Collected data

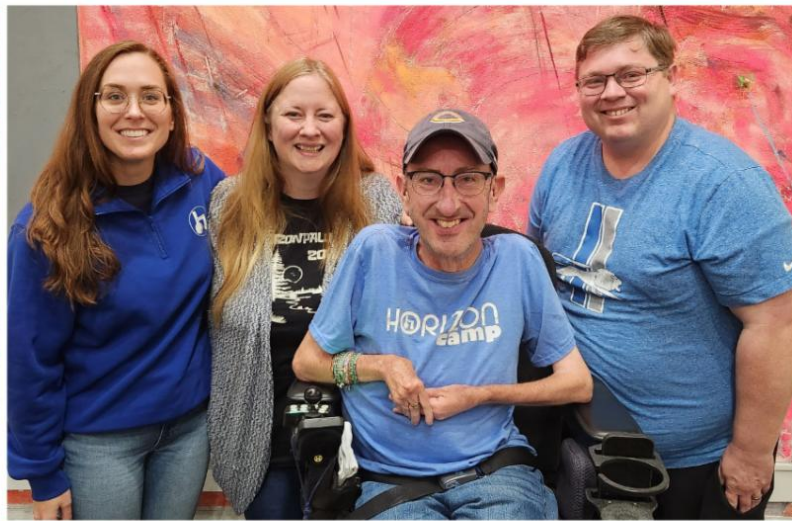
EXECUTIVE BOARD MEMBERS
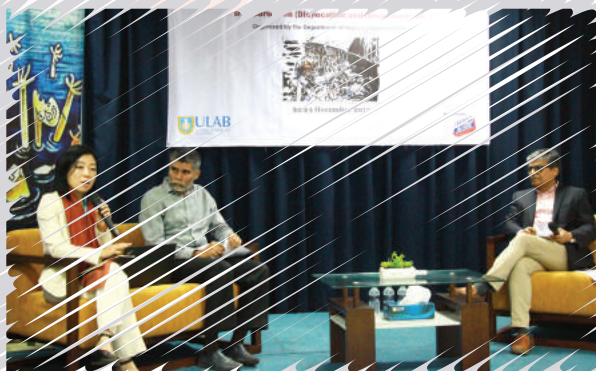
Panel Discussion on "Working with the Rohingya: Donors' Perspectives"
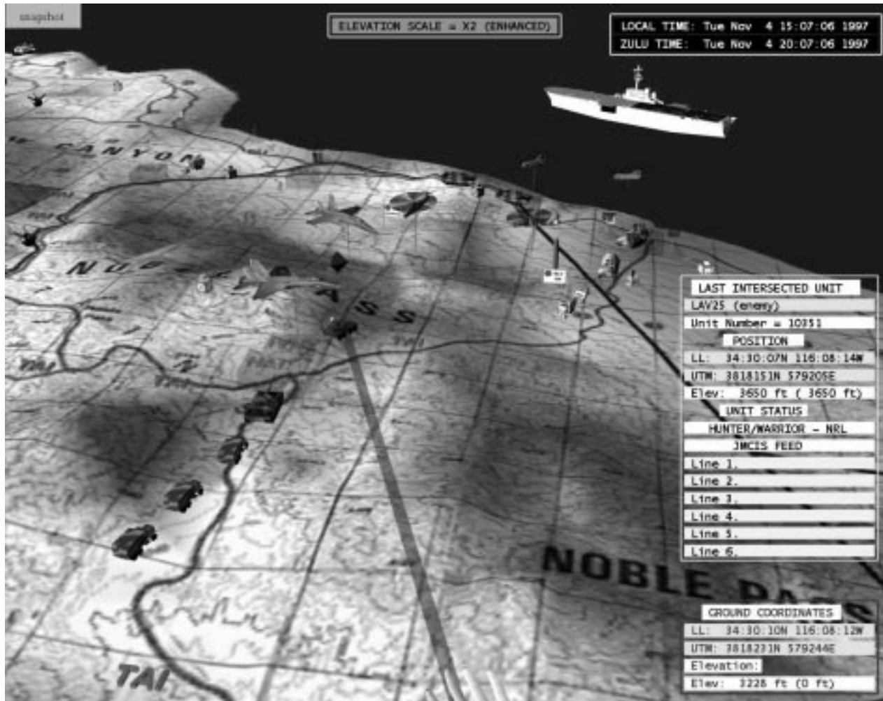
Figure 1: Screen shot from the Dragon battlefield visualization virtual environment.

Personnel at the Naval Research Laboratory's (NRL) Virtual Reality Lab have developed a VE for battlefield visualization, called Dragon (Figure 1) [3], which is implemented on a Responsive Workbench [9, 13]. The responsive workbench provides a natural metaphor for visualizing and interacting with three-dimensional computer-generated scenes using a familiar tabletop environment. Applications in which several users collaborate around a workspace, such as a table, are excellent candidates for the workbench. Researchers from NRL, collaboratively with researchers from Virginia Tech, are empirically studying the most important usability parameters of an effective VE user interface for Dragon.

Required work
Write out each line of the data that holds the string "Dragon".

Response for this exercise
Figure 1: Screen shot from the Dragon battlefield visualization virtual environment.
Personnel at the Naval Research Laboratory's (NRL) Virtual Reality Lab have developed a VE for battlefield visualization, called Dragon (Figure 1) [3], which is implemented on a Responsive Workbench [9, 13]. The responsive workbench provides a natural metaphor for visualizing and interacting with three-dimensional computer-generated scenes using a familiar tabletop environment. Applications in which several users collaborate around a workspace, such as a table, are excellent candidates for the workbench. Researchers from NRL, collaboratively with researchers from Virginia Tech, are empirically studying the most important usability parameters of an effective VE user interface for Dragon.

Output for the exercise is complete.